Les unions (ouvertes ou exclusives) nées après-guerre (et post-Guerre Froide) commençaient à vieillir, qui frappées de consanguinité politique, de démence précoce et d’intolérance, qui envahies par le doute (la remise en cause de valeurs considérées comme désuètes), un besoin de licence (de liberté) et le virus rageur de l’insoumission. Le phénomène est général. L’instantanéité des échanges, la magie des réseaux sociaux, l’essor des cryptomonnaies, la perte d’identité (y compris la filiation), l’uniformisation du langage (l’Anglais), la banalisation du consumérisme (jusqu’à la marchandisation des vieillards), là est la vraie cause du grand chambardement. Rien ne sera plus comme avant. Votre bascule à tous les deux est gentillette.

Lequel d’entre Vous veut habiter la Chine ? Il en est de même des habitants de la Russie et de l’Iran. Mettons que la réciproque soit vraie, chacun est bien chez soi : le problème posé est démographique et non culturel, encore moins politique. Le corps social, la foule, la famille, l’homme (et la femme – je ne peux pas m’empêcher de les distinguer aux sens propre et figuré, mais pour encore combien de temps ?), ont la vie dure ; c’est eux l’Humanité ; elle est réfractaire aux techniques – quoi qu’on en pense – et tributaire de l’Amour spirituel et physique. Irrationnel.

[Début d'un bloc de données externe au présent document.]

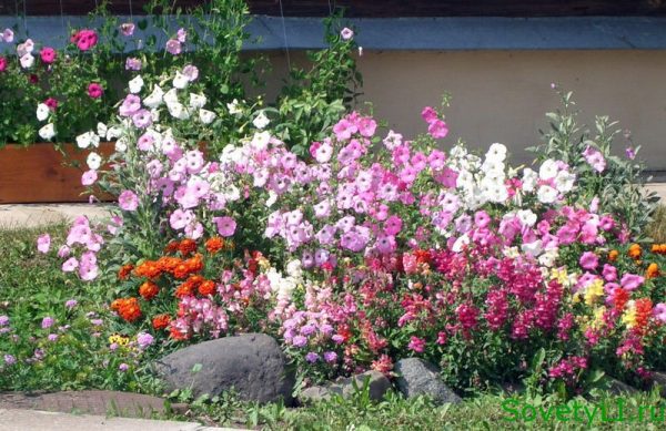 Au début de l'été, fleurissent : zinnia, soucis, bleuets, lobelia. Jusqu'à la fin de l'automne, ils se délectent de la floraison : calendula, aster, lavatera, muflier. N'oubliez pas que les fleurs diffèrent non seulement par la forme et la couleur des pétales, mais aussi par la hauteur. Disposez des fleurs de différentes hauteurs pour de belles combinaisons.

Tant qu’il y aura des hommes dont le changement climatique ne sera pas venu à bout, il y aura des guerres, des trop pleins de gens. Pour l’instant, l’Inde caracole en tête au palmarès du nombre qu’il faut nourrir ; demain – c’est très vite – l’Afrique (globalement) la laissera sur place. Dans deux siècles, au rythme actuel, la Terre ne sera pas encore une boule de feu mais déjà elle sera noire, au risque de se bousculer sur les Champs-Élysées ; mais nullement de basculer.

IL reste que cette interview était passionnante entre personnes intelligentes et qu’il en faudrait d’autres à la place des constats sur les grandeurs bilantielles de la guerre que l’on nous sert en boucle (destructions, munitions, armes, performances comparées, projections d’avenir et bilan).